WORK REQUEST: From the entries below, copy exactly the lines from the one that contains "Para empezar he" through the one that contains "Stivale alto in", both included, and only those.

THE DATA:
----------------

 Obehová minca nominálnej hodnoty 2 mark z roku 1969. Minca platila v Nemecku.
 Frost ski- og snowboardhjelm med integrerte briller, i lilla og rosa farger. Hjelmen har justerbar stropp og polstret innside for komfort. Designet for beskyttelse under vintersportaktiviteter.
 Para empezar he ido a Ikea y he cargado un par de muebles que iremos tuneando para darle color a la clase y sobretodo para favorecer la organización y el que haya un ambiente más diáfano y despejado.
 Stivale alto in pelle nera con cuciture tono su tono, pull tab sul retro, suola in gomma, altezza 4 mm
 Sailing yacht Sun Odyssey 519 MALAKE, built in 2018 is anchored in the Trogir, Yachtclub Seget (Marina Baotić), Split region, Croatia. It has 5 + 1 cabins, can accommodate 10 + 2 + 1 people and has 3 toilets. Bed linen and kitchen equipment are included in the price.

----------------

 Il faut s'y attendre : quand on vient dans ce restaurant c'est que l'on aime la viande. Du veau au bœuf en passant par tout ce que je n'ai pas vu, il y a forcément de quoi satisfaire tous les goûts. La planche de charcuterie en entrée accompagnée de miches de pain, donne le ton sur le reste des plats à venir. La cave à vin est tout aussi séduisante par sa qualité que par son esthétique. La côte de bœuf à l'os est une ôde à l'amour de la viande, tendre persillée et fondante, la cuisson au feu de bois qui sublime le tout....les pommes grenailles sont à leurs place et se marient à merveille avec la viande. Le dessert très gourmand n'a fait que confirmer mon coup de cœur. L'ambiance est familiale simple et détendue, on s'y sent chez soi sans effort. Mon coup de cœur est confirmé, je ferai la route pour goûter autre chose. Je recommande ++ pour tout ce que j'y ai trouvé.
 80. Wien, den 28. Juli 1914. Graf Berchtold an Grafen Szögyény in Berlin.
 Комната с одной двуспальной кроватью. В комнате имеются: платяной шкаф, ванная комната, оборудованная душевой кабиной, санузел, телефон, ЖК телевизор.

----------------

OUTPUT:
 Para empezar he ido a Ikea y he cargado un par de muebles que iremos tuneando para darle color a la clase y sobretodo para favorecer la organización y el que haya un ambiente más diáfano y despejado.
 Stivale alto in pelle nera con cuciture tono su tono, pull tab sul retro, suola in gomma, altezza 4 mm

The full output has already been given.